======== Supplied information ========

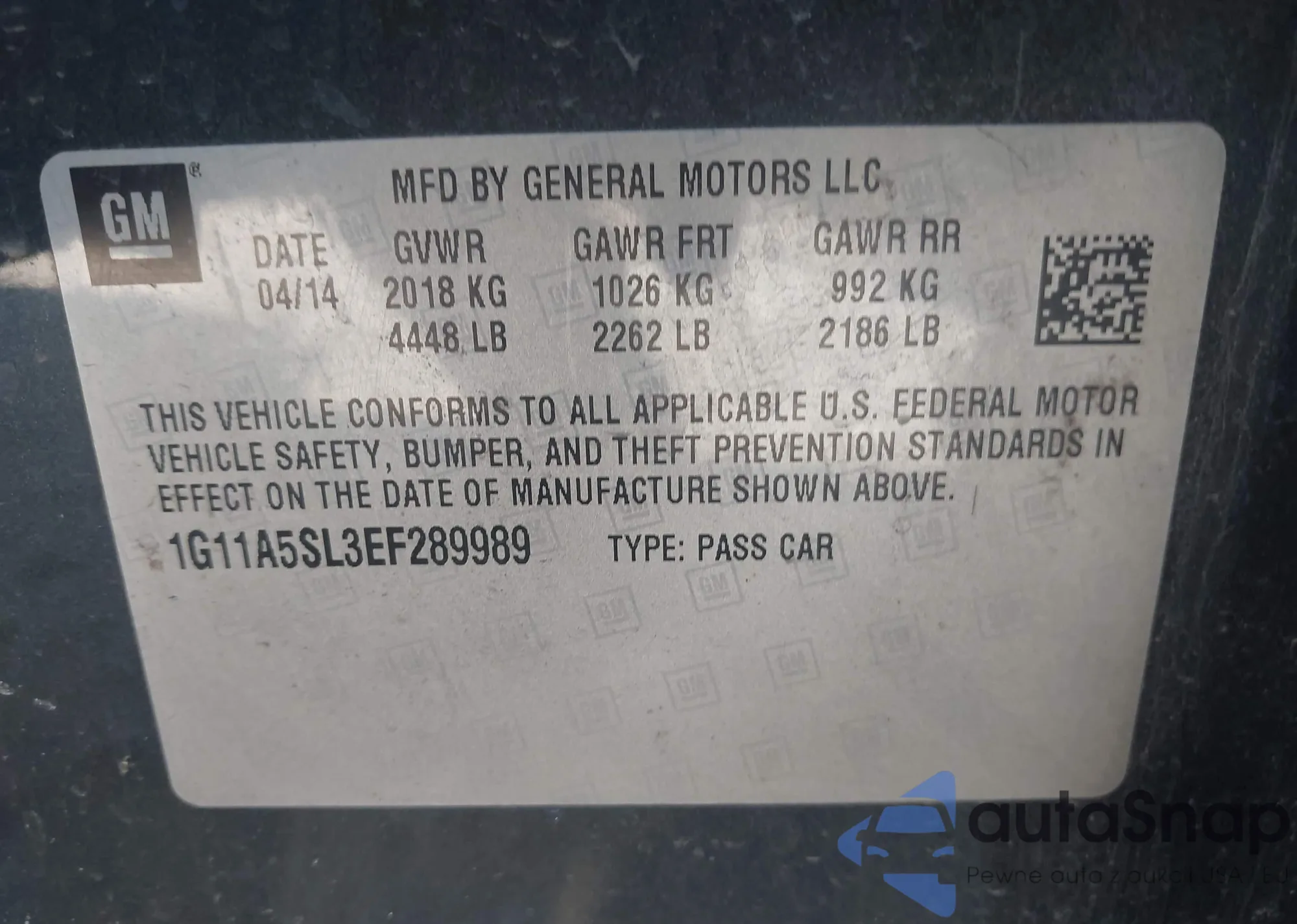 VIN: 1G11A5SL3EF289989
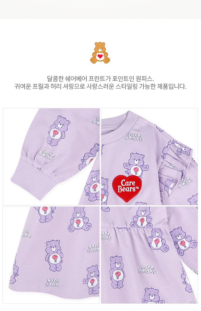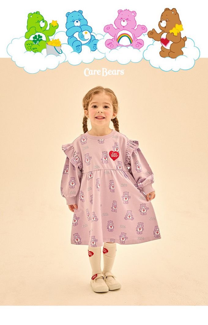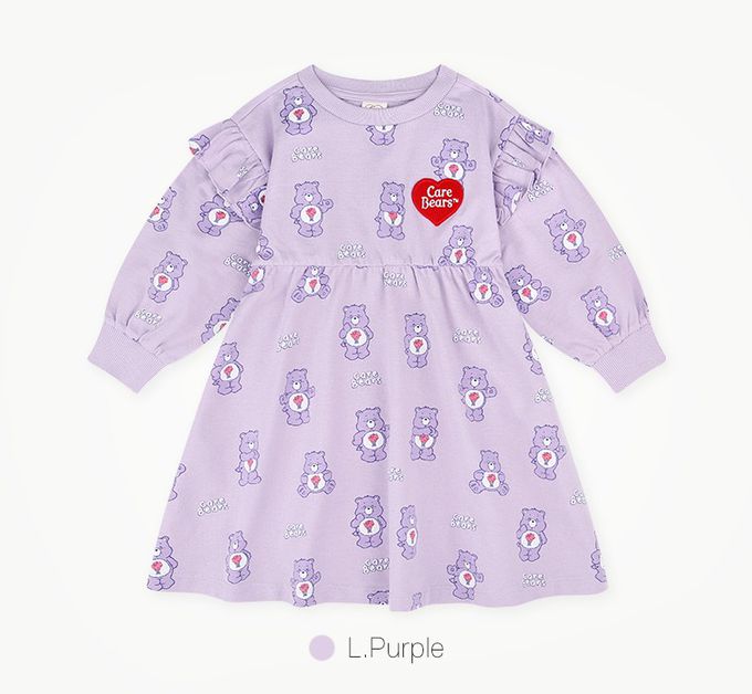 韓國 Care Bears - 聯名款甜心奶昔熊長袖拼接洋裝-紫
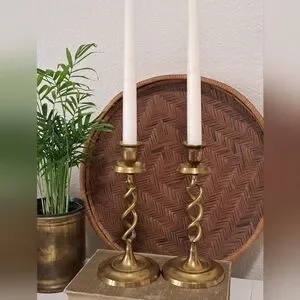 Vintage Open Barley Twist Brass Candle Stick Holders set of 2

========
======== Supplied information ========

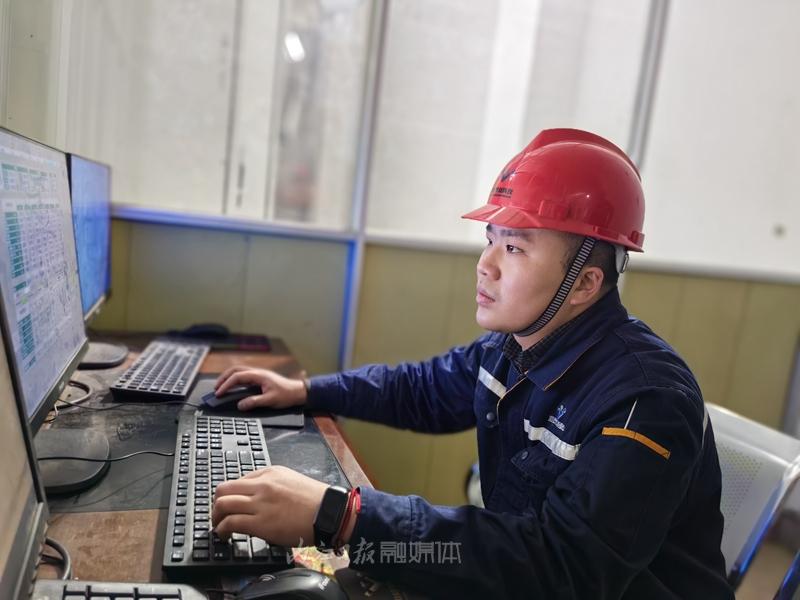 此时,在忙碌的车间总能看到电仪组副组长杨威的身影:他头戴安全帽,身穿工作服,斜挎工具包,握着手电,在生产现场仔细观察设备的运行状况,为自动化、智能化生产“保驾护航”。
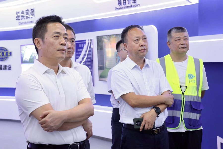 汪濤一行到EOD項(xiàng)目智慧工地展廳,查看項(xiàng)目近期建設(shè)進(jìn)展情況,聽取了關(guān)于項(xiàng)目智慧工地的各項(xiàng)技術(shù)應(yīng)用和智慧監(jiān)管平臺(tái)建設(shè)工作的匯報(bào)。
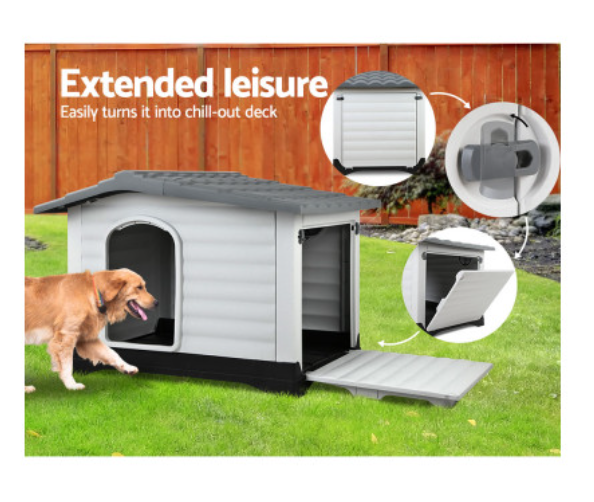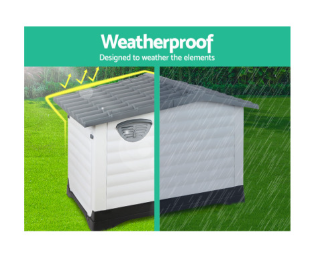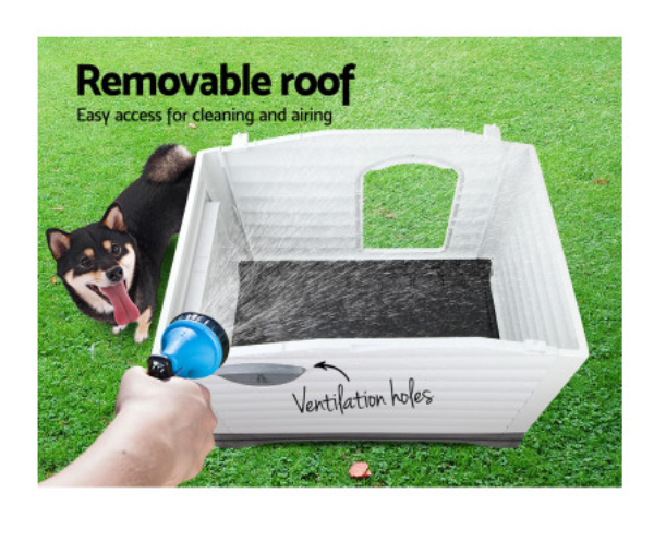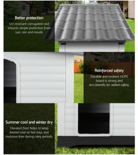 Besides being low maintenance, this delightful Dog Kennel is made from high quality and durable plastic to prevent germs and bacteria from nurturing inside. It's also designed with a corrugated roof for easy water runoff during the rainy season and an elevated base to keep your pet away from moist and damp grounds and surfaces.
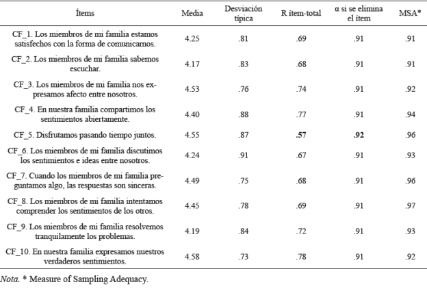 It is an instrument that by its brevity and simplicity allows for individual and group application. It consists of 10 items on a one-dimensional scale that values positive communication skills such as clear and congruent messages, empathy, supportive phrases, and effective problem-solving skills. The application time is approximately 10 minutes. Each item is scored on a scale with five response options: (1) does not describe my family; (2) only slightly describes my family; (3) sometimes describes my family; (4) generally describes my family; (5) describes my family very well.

========
======== Supplied information ========

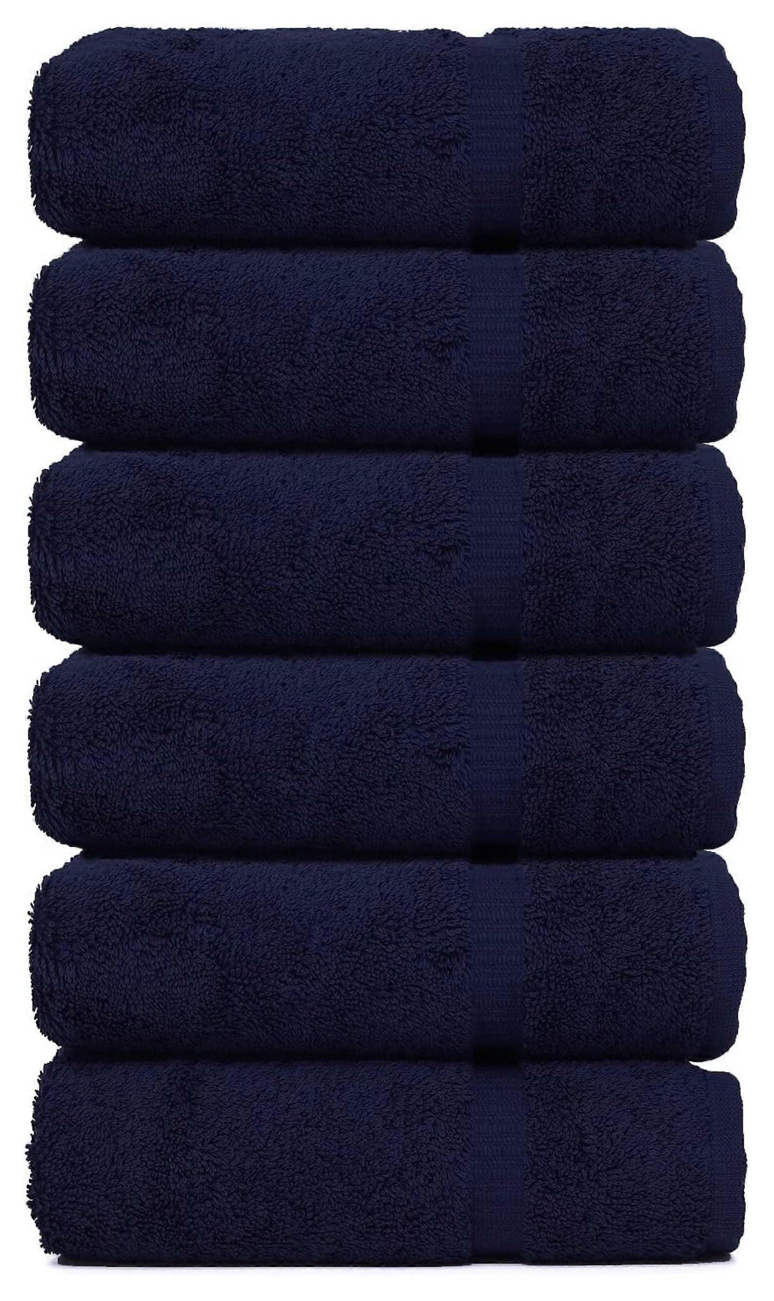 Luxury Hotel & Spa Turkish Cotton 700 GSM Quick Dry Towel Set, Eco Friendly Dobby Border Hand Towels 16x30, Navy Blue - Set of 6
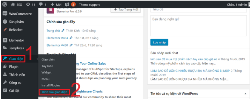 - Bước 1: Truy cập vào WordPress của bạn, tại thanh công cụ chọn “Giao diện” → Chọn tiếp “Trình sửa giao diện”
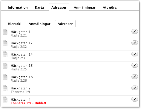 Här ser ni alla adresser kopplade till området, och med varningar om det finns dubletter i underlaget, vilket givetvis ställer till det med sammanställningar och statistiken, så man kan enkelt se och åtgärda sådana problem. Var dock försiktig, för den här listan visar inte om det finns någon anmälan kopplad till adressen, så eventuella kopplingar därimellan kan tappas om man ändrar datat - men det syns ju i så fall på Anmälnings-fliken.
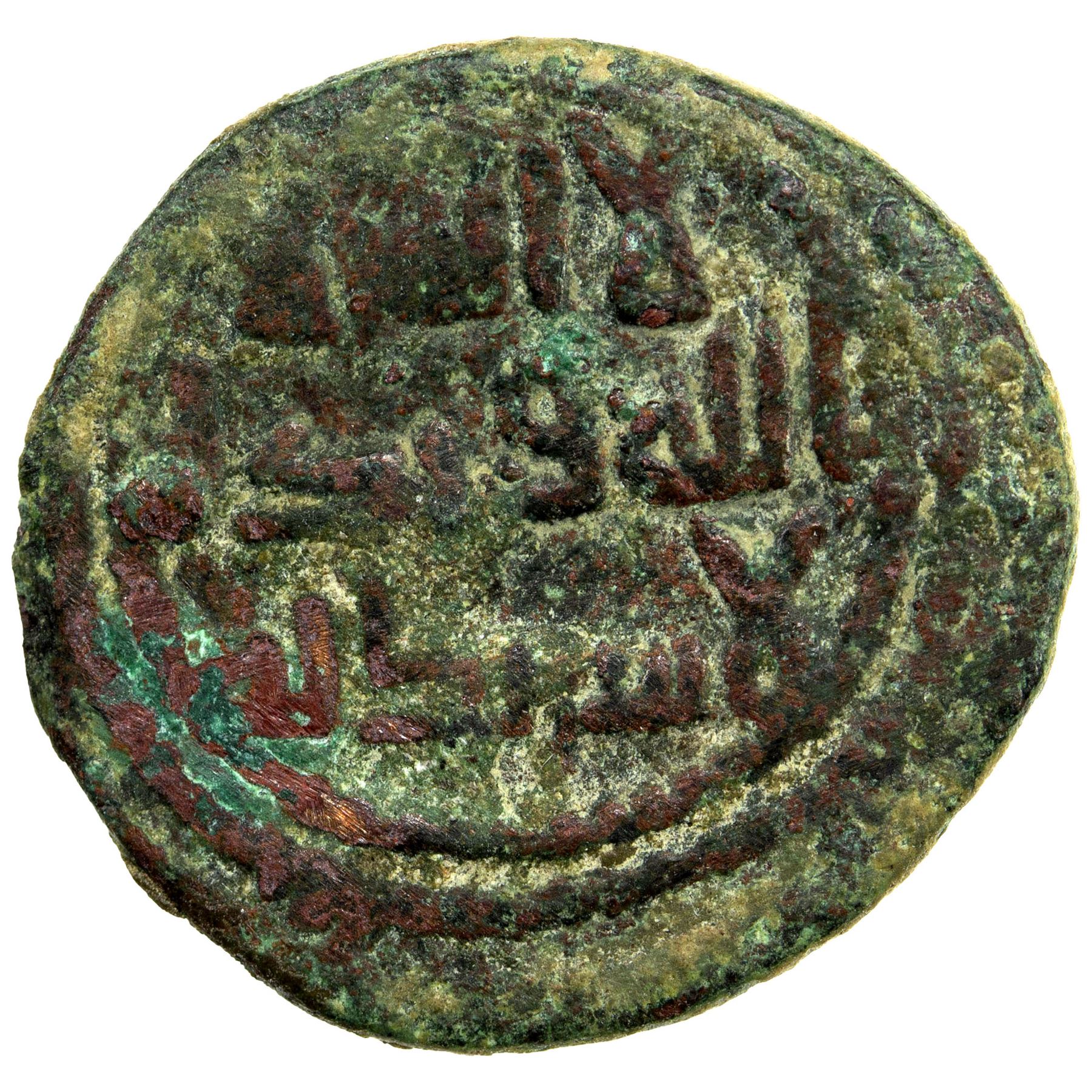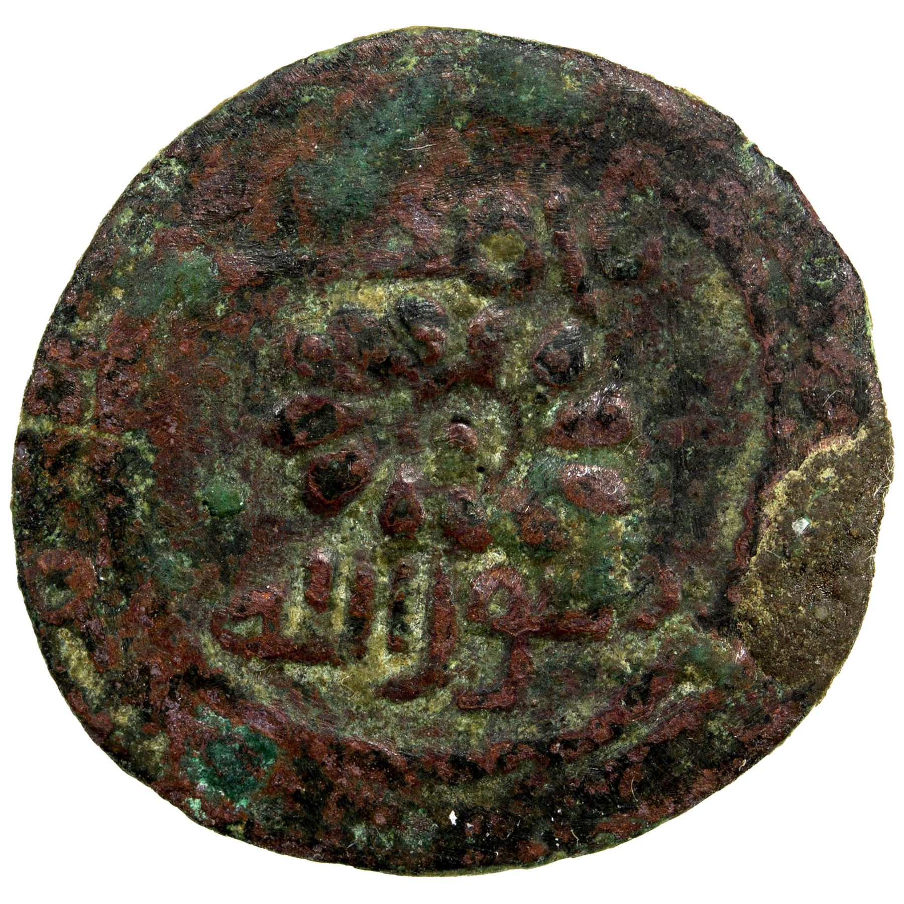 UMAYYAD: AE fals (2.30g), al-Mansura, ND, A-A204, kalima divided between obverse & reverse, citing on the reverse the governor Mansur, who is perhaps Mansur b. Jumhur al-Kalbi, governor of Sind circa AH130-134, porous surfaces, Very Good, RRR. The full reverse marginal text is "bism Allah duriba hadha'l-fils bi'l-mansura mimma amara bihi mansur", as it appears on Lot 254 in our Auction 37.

========

_Instructions to follow:_ All pictures are to be skipped. Output, word for word, the lines in the data above starting at the line containing "Luxury Hotel &" and ending at the line containing "- Bước 1: Truy".

_Output for this task:_
 Luxury Hotel & Spa Turkish Cotton 700 GSM Quick Dry Towel Set, Eco Friendly Dobby Border Hand Towels 16x30, Navy Blue - Set of 6
 - Bước 1: Truy cập vào WordPress của bạn, tại thanh công cụ chọn “Giao diện” → Chọn tiếp “Trình sửa giao diện”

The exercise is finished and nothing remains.